## YOUR ASSIGNMENT
Pictures appear among the records below and must be omitted. Repeat exactly the lines from the line with "周黑鸭称,公司相信此成功开业" to the line with "Tassel design mid-tube", both included.

## SOURCE DATA

• • • •

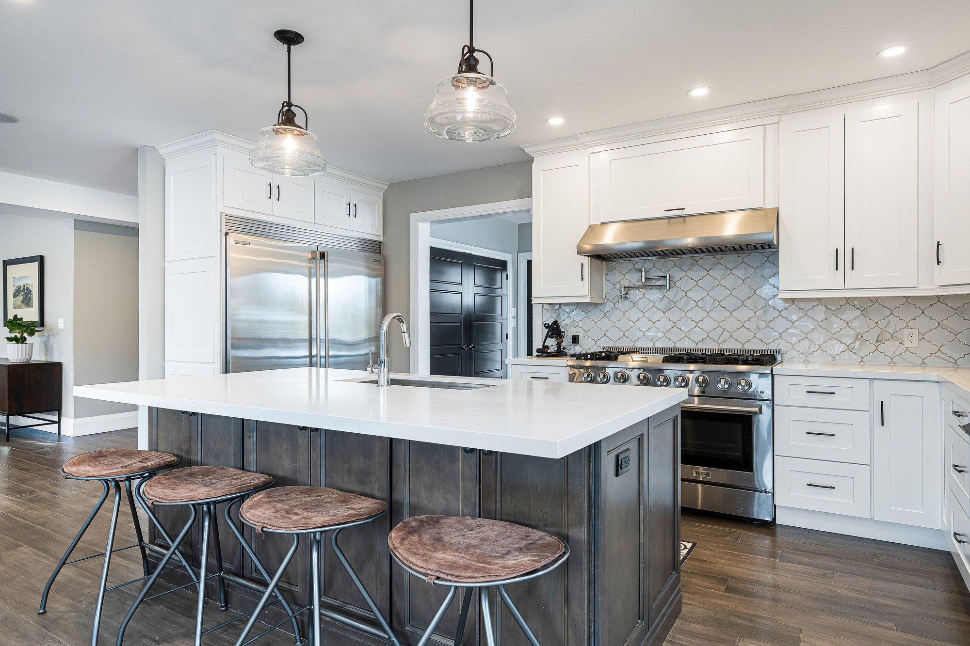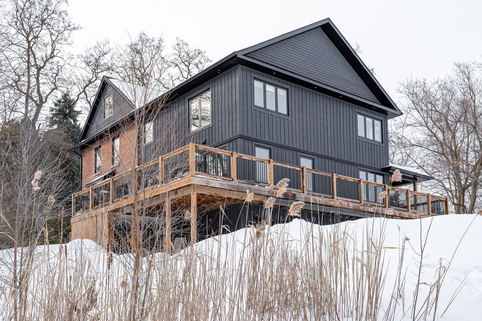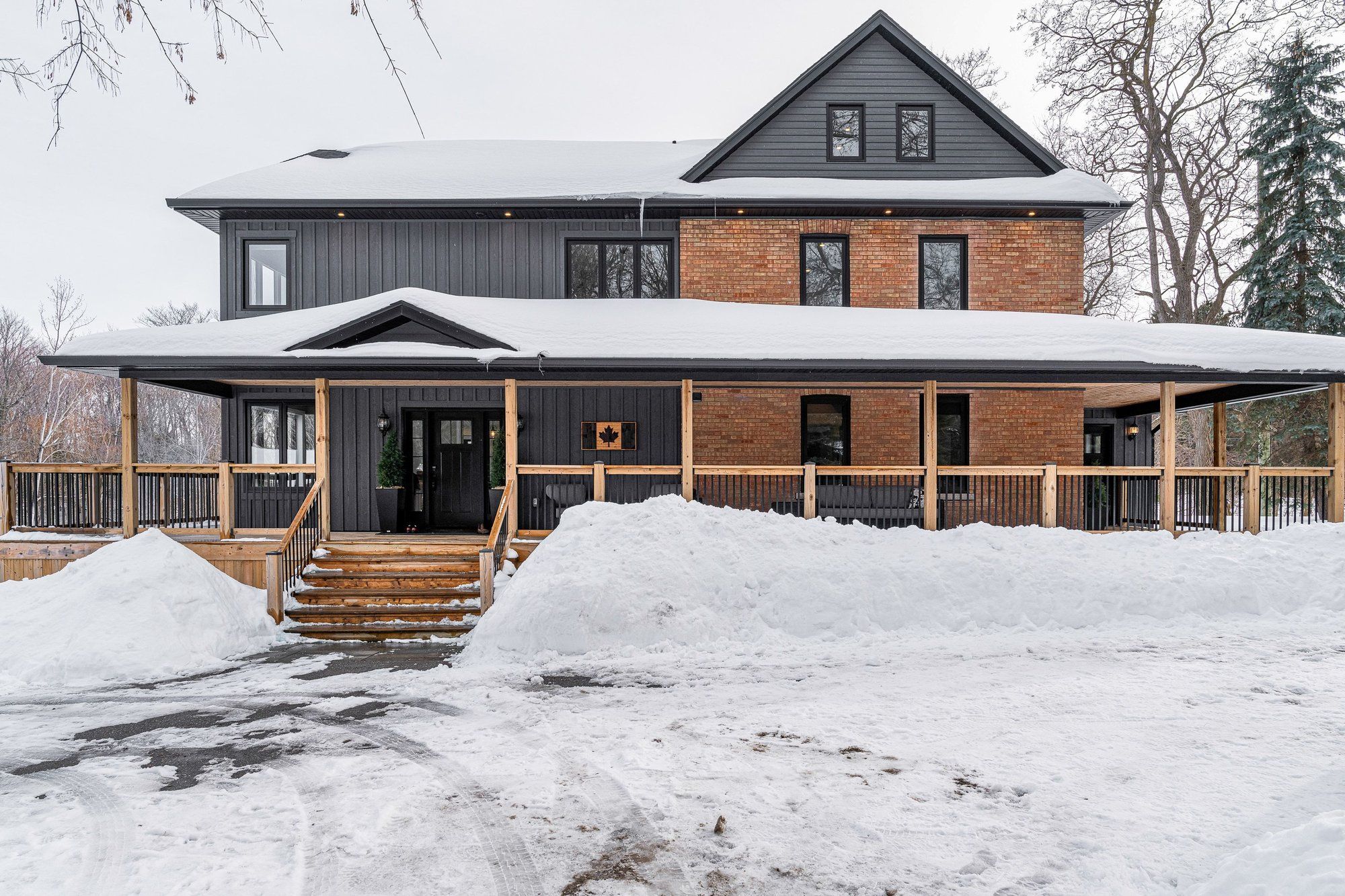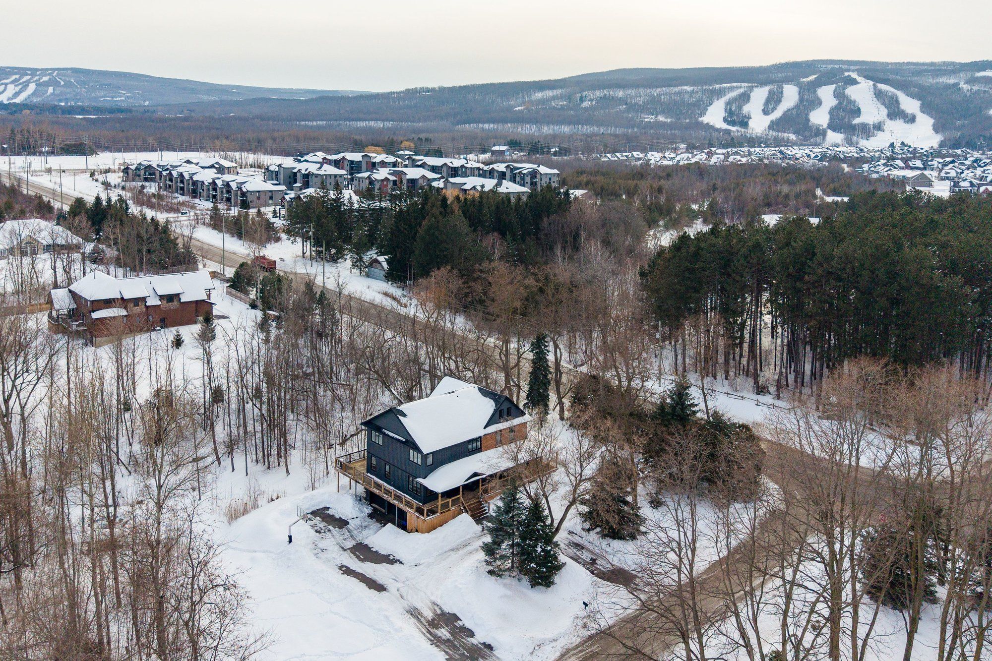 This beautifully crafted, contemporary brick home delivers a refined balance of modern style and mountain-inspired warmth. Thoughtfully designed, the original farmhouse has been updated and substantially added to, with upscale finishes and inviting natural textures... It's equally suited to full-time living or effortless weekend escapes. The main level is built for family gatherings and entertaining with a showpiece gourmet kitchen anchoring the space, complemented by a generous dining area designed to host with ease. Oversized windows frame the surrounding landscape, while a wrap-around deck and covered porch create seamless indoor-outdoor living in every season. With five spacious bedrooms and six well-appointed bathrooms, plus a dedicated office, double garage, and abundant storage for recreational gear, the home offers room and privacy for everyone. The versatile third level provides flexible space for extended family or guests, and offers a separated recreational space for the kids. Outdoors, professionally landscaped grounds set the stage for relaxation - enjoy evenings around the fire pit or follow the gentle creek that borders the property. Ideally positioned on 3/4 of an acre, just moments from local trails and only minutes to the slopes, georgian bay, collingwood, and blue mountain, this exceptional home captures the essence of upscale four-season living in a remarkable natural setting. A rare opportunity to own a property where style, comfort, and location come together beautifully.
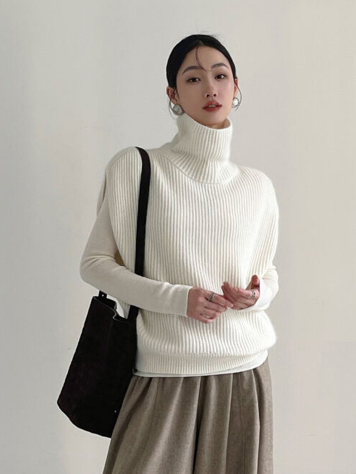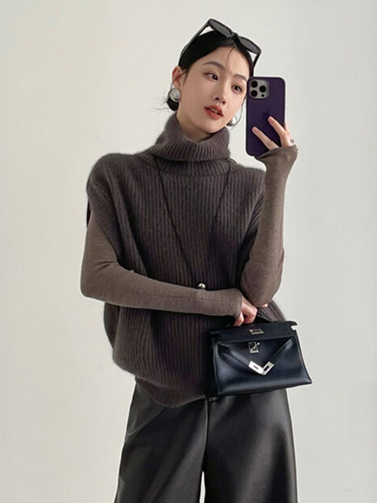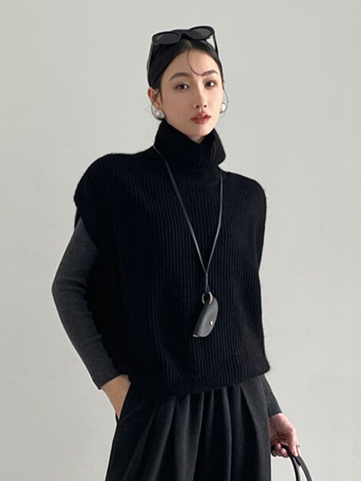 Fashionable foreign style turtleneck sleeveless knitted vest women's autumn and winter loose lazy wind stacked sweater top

• • • •

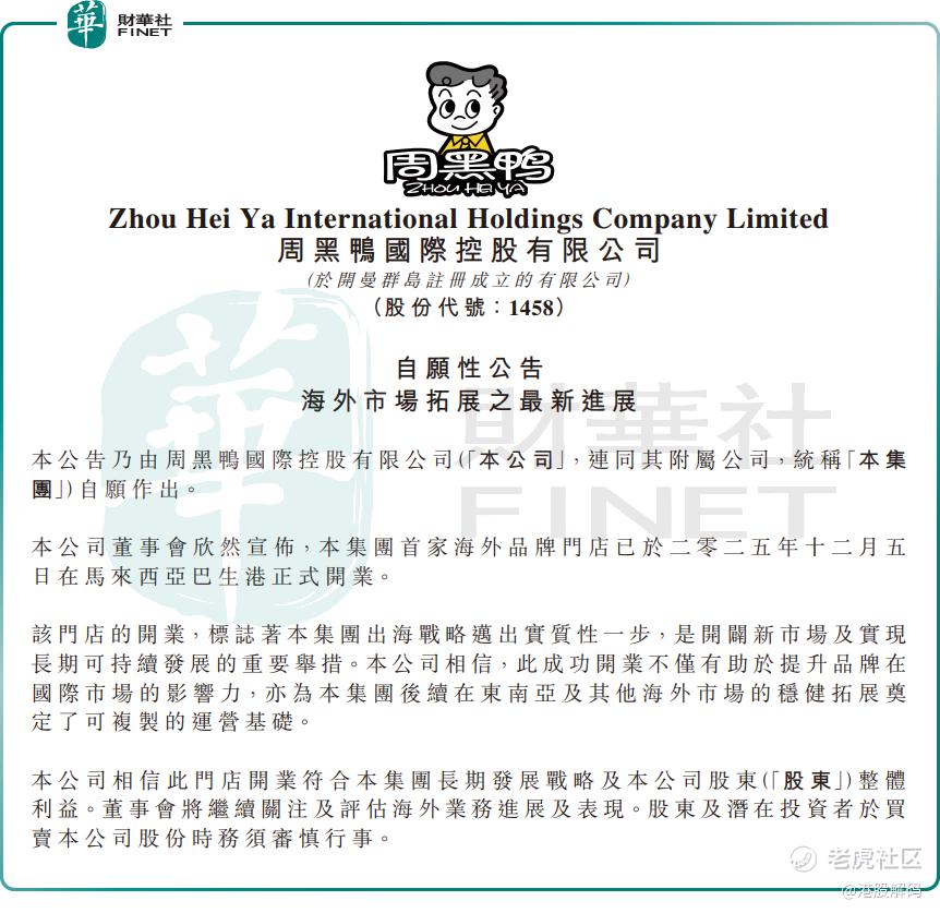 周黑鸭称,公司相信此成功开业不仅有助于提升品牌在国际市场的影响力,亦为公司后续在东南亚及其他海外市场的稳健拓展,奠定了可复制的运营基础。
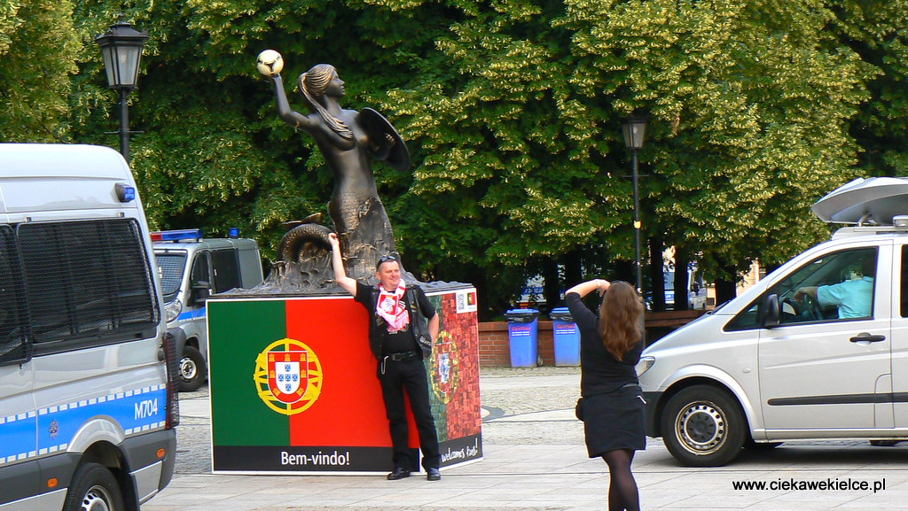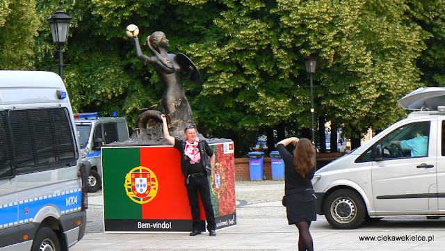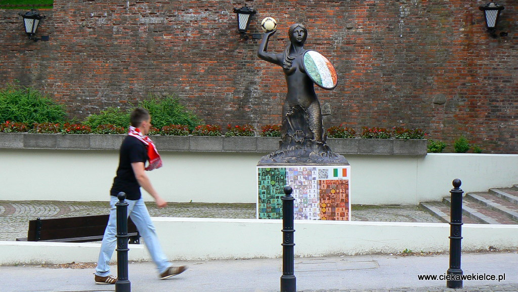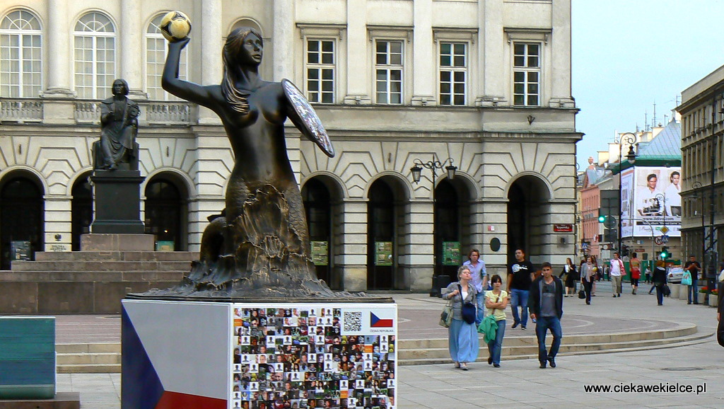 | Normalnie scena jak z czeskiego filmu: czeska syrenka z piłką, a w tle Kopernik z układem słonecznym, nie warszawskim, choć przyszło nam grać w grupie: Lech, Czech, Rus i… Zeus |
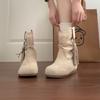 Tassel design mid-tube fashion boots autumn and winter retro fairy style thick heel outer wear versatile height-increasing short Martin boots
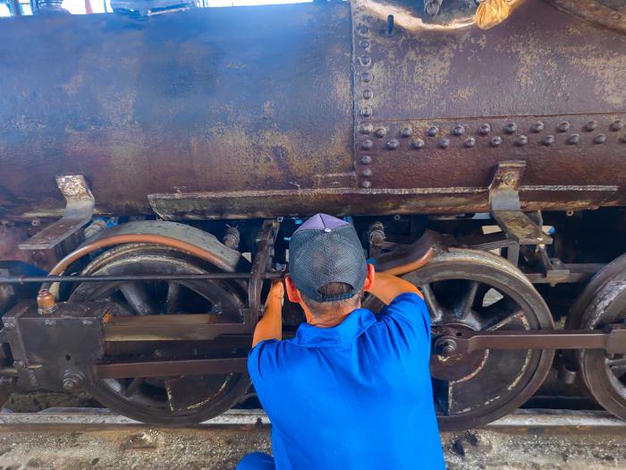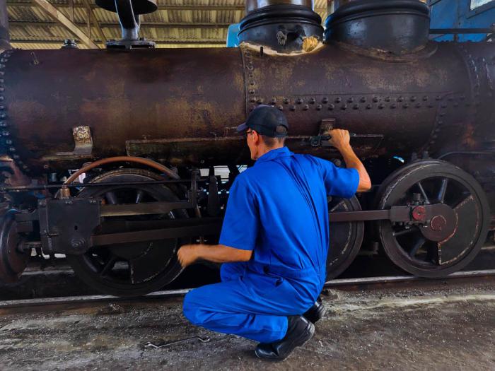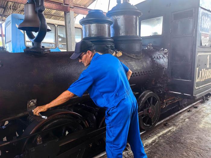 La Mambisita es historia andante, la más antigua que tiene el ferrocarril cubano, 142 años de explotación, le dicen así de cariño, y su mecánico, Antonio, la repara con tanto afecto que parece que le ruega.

• • • •

## OUTPUT OF THE TASK
 周黑鸭称,公司相信此成功开业不仅有助于提升品牌在国际市场的影响力,亦为公司后续在东南亚及其他海外市场的稳健拓展,奠定了可复制的运营基础。
 | Normalnie scena jak z czeskiego filmu: czeska syrenka z piłką, a w tle Kopernik z układem słonecznym, nie warszawskim, choć przyszło nam grać w grupie: Lech, Czech, Rus i… Zeus |
 Tassel design mid-tube fashion boots autumn and winter retro fairy style thick heel outer wear versatile height-increasing short Martin boots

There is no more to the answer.